Because the \(Y\) variable wasn’t included in the regression for model_aux
we have to bring of over from the main dataset, which is a little bit… um, hacky. Forgive these sins.
## # A tibble: 100 × 10
## x1 x2 x3 .fitted .resid .hat .sigma .cooksd .std.resid y
## <dbl> <dbl> <dbl> <dbl> <dbl> <dbl> <dbl> <dbl> <dbl> <dbl>
## 1 2.57 2.02 5.86 5.05 -2.47 0.0208 2.76 0.00582 -0.906 22.2
## 2 3.53 0.630 6.12 5.23 -1.70 0.0344 2.77 0.00466 -0.626 19.3
## 3 1.73 1.91 3.13 4.92 -3.19 0.0286 2.75 0.0135 -1.17 10.9
## 4 5.98 1.63 7.66 5.19 0.788 0.0312 2.77 0.000906 0.290 30.0
## 5 2.94 3.96 8.18 4.93 -2.00 0.0246 2.77 0.00451 -0.733 32.8
## 6 4.53 8.94 3.17 4.06 0.471 0.0383 2.77 0.000402 0.174 25.9
## 7 0.811 8.74 2.40 4.04 -3.23 0.0401 2.75 0.0199 -1.20 20.1
## 8 0.517 8.67 4.13 4.14 -3.63 0.0326 2.75 0.0200 -1.34 29.2
## 9 4.34 1.34 8.09 5.25 -0.908 0.0369 2.77 0.00143 -0.335 28.8
## 10 8.17 7.79 6.39 4.37 3.80 0.0276 2.75 0.0184 1.40 39.7
## # ℹ 90 more rows
Finally, with this augmented data that has information from the model, we can estimate the model that includes only the residuals as predictors of \(Y\).
## (Intercept) .resid
## 26.21733 1.01098
Our claim was that the coefficients from model_main
and model_two
should be the same.
Code
## Test passed 😀
But, why is this an interesting, or at least useful, feature to appreciate?

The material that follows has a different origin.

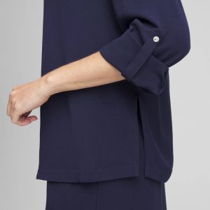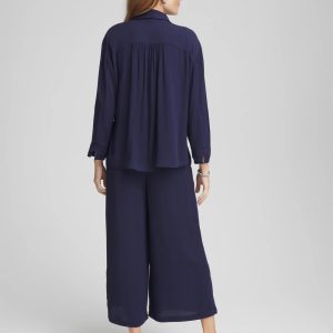 - Button-down, collared top with faux shell buttons and cool-cozy matching bottoms.

This is actually a really famous, relatively recently “rediscovered” proof. If we have a number of variables, one called an outcome and the rest called features, then we can estimate the relationship between the outcome and one feature in the following way:
- Estimate the relationship between all the other features and the one that we’re examining; save the information about the feature we’re examining which cannot be explained by the other features in some vector.

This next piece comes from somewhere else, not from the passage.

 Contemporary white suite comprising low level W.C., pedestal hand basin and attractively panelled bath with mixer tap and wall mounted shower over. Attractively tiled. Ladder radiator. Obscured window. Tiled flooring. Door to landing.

- Regress the outcome on this leftover information.
Slightly more of what is happening? In the first model, the leftover information is orthogonal to the information posessed in the regression features. In the second model, we can use this orthagonal information to estimate the effect of one variable.